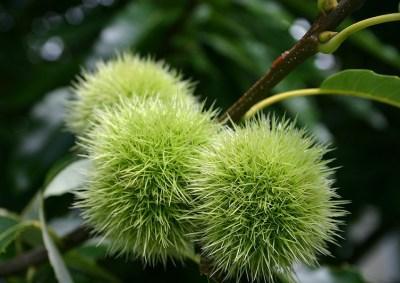 Если говорить о происхождении, то каштан – чисто европейская культура. Дерево может выдерживать морозы до -30°C и плодоносить много лет. Несмотря на неприхотливость, каштан считается теплолюбивым растением, т.к. гораздо лучше чувствует себя в мягком климате, но при этом требует выраженной смены сезонов для формирования здоровых плодов. Его зубчатые листья узкие и довольно длинные. В мае-июне наступает период цветения, когда крона покрывается нежно-жёлтыми соцветиями необычной пирамидальной формы, из которых впоследствии образуются знаменитые каштаны. Блестящие коричневые плоды диаметром 3-4 см покрыты жёсткой, очень колючей оболочкой, которая по мере созревания коричневеет и приоткрывается, являя миру 1-3 ореха. Плоды созревают в октябре, поэтому именно во второй половине осени по всей Италии прокатывается волна «каштановых» фестивалей.
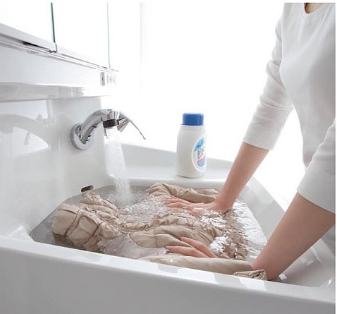 その大きさは、上半身がしっかりおさまるので、洗顔時にもヒジからの水垂れがしにくい形状です。
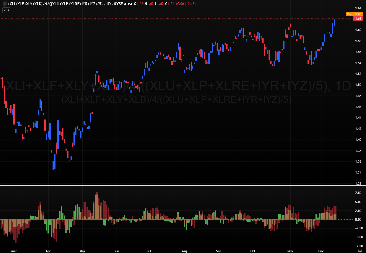 ((XLI+XLF+XLY+XLB)/4) / ((XLU+XLP+XLRE+IYR+IYZ)/5)
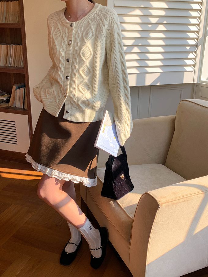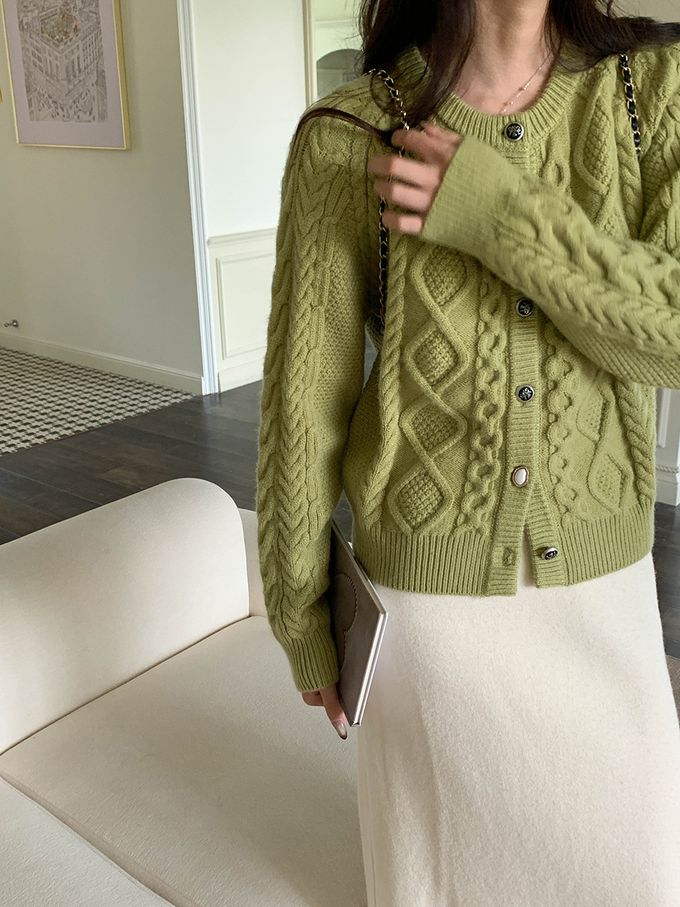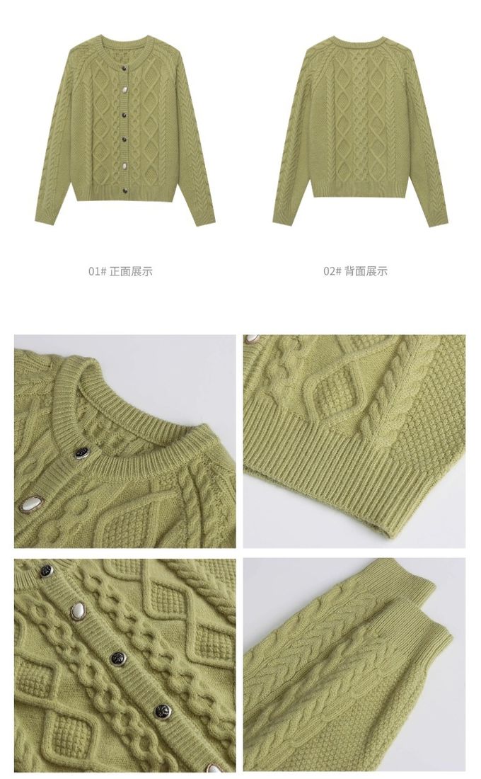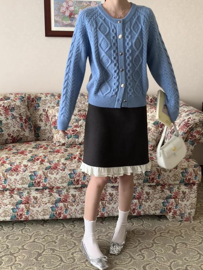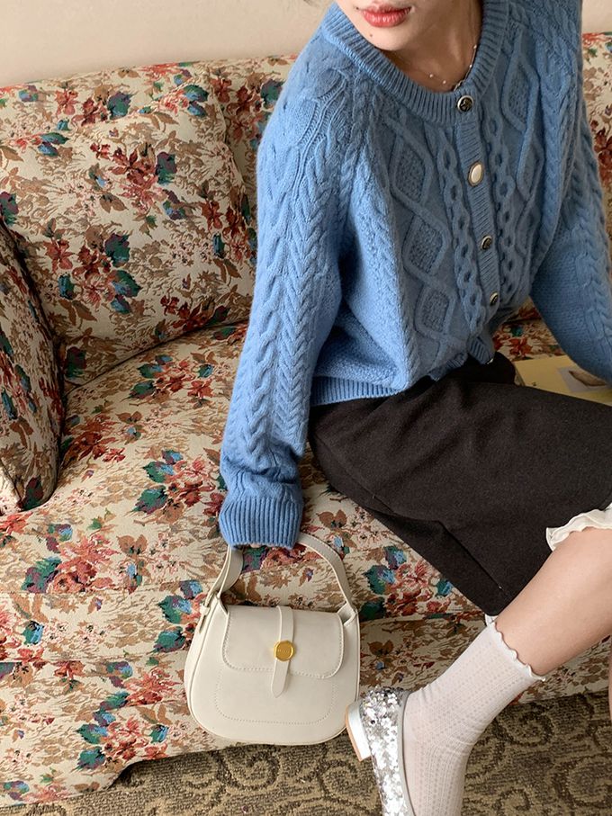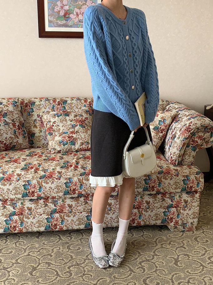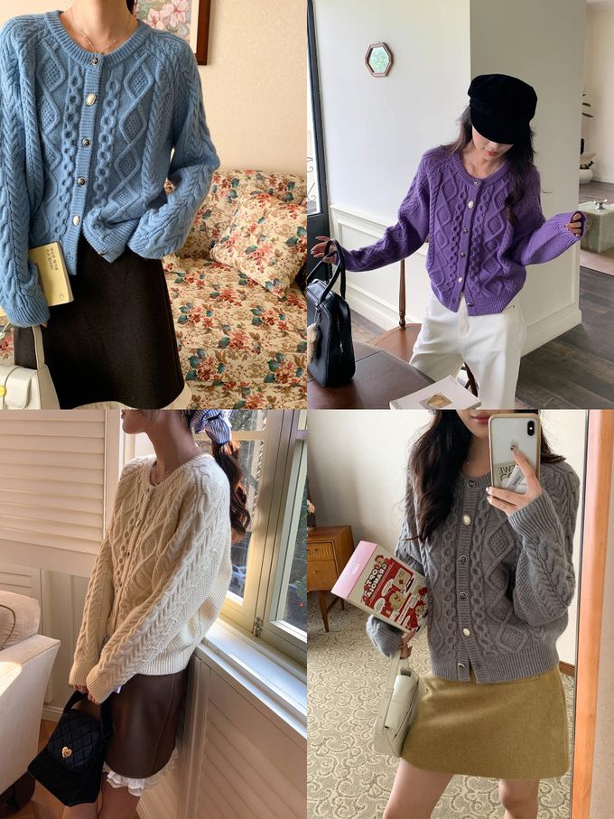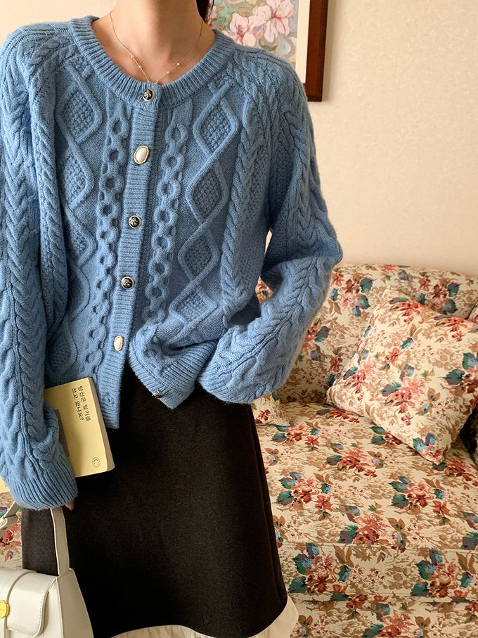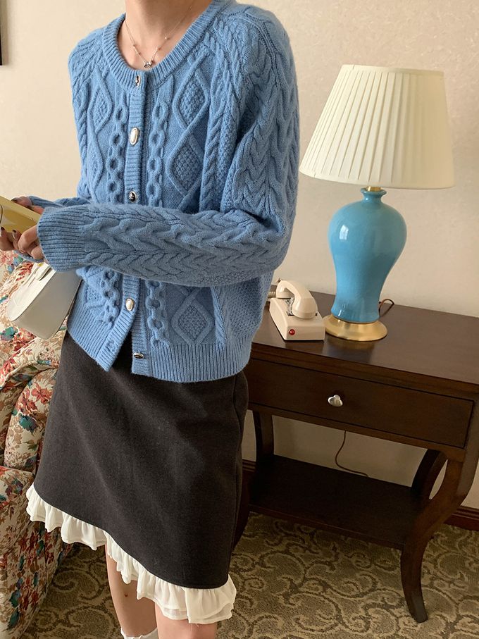 3th Morning - 設計感菱格紋麻花針織開襟衫-藍色 (F)

■ **Exercise instructions**: Your answer must be an exact copy of the data above, minus its pictures.

■ **Exercise response**:
 Если говорить о происхождении, то каштан – чисто европейская культура. Дерево может выдерживать морозы до -30°C и плодоносить много лет. Несмотря на неприхотливость, каштан считается теплолюбивым растением, т.к. гораздо лучше чувствует себя в мягком климате, но при этом требует выраженной смены сезонов для формирования здоровых плодов. Его зубчатые листья узкие и довольно длинные. В мае-июне наступает период цветения, когда крона покрывается нежно-жёлтыми соцветиями необычной пирамидальной формы, из которых впоследствии образуются знаменитые каштаны. Блестящие коричневые плоды диаметром 3-4 см покрыты жёсткой, очень колючей оболочкой, которая по мере созревания коричневеет и приоткрывается, являя миру 1-3 ореха. Плоды созревают в октябре, поэтому именно во второй половине осени по всей Италии прокатывается волна «каштановых» фестивалей.
 その大きさは、上半身がしっかりおさまるので、洗顔時にもヒジからの水垂れがしにくい形状です。
 ((XLI+XLF+XLY+XLB)/4) / ((XLU+XLP+XLRE+IYR+IYZ)/5)
 3th Morning - 設計感菱格紋麻花針織開襟衫-藍色 (F)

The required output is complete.